My team at Deseret Book had listened to my first round of demos and came back with the critique that I needed to focus on writing "happier, more upbeat" music haha.
I cried after that phone call.
I didn't feel happy or upbeat at that point in my life. I felt tired...so, unbelievably tired...in my body, my heart...my spirit.
I just wanted reprieve. I wanted rest. I wanted someone to come and tell me it was all going to work out and everything would be just fine - because I really couldn't see how that was possible.
(I wasn't wrong, either...I mean, things got a lot messier and harder before they got better. But I digress.)
As I sat up one night with Violet - who back then hardly ever slept (I wish I were exaggerating right now) - I felt such a desperation for sunrise. When morning came everyday, I could ask for help. I could call someone; I could feel more like a human instead of driving myself insane searching the internet for ways to calm my poor screaming baby all night long. I desperately, desperately wished and prayed for sunrise.
But it didn't matter HOW HARD I wished for the morning to come, though...it would only come when it was time. I couldn't rush it. I couldn't make it happen a moment sooner or later, not with all the prayers and wishing in the world.
That's how this song came into existence. As I considered the metaphor behind my prayers for light to come, the imagery for the first verse came into my mind:
You can't rush the sunrise....
The brilliant color through the grey.
No matter how you ache for light...
You can't rush the sunrise.
I remember feeling quiet when I wrote that. I wouldn't say that I felt defeated...but I felt resolved. I felt certain that God was going to keep handing me difficult things until I learned whatever lesson it was that He was trying to teach me. A part of me had decided to stop fighting against life - I didn't want to feel frustrated and confused anymore. I felt acceptance - a sort of "Thy will be done" mentality permeated my heart.
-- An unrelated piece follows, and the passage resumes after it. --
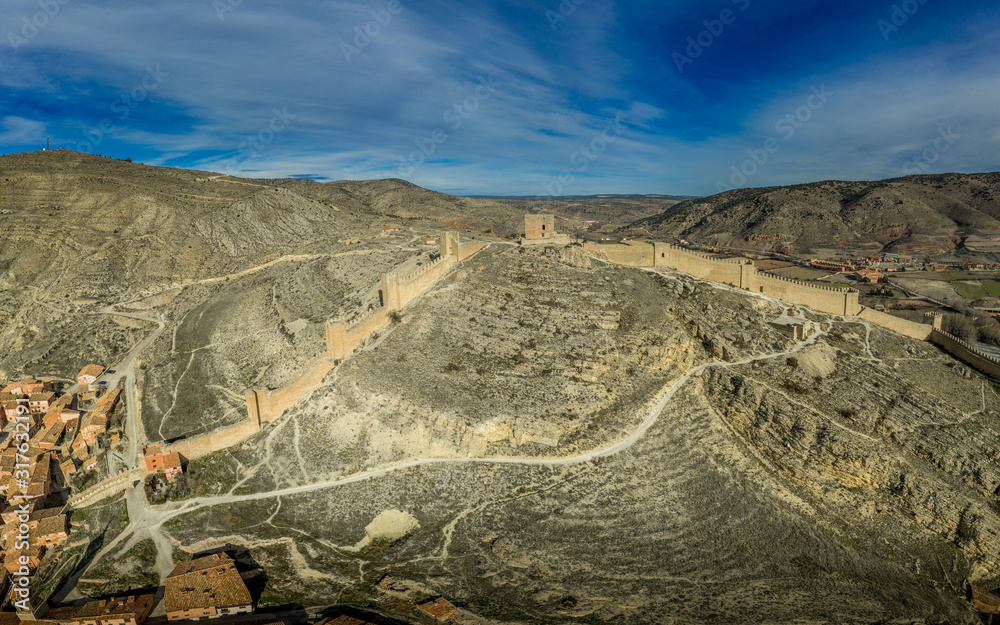 Aerial panorama view of Albarracin in Teruel Spain, with red sandstone terracotta medieval houses, Moorish castle and ancient city walls voted most beautiful Spanish village

The chorus came to me next:
You can't outrun the rain...
So lift your arms open wide.
Feel the cleansing that comes through the pain...
You can't outrun the rain.
(have you guys noticed that I write a lot of songs about/with water?? It's interesting that water can drown things, take life away...but it also GIVES life, it makes things grow. It cleanses, purifies, shapes even the hardest materials. Anyways. Water is cool. The end.)
I knew in my heart that there was no easy way out of the storm I was facing in my life right then. There was no easy path.
In my mind, I could see my heart being polished like a stone in a river. I could see myself standing in a torrential downpour with my face turned heavenward and my arms outstretched in complete acceptance of God's will in my life. The acceptance wouldn't take the pain away, I knew...but it would turn that pain into something useful...something helpful, positive even.
The rest of the words came less immediately than those two pieces of the song did. They took work to carve out of my mind/heart. The last verse came as a prayer...something I wish so deeply to believe more fervently:
So push through the ache...
Light waits around the bend.
He'll give more than He'll ever take,
so trust in His time, my friend.
Just trust in His time, my friend.
The 'friend' I was referring to was actually me. The last verse was written as a reminder to myself that I want to have hope that God makes things right; that He blesses us beyond measure in His own time...even when it's hard to keep that hope alive.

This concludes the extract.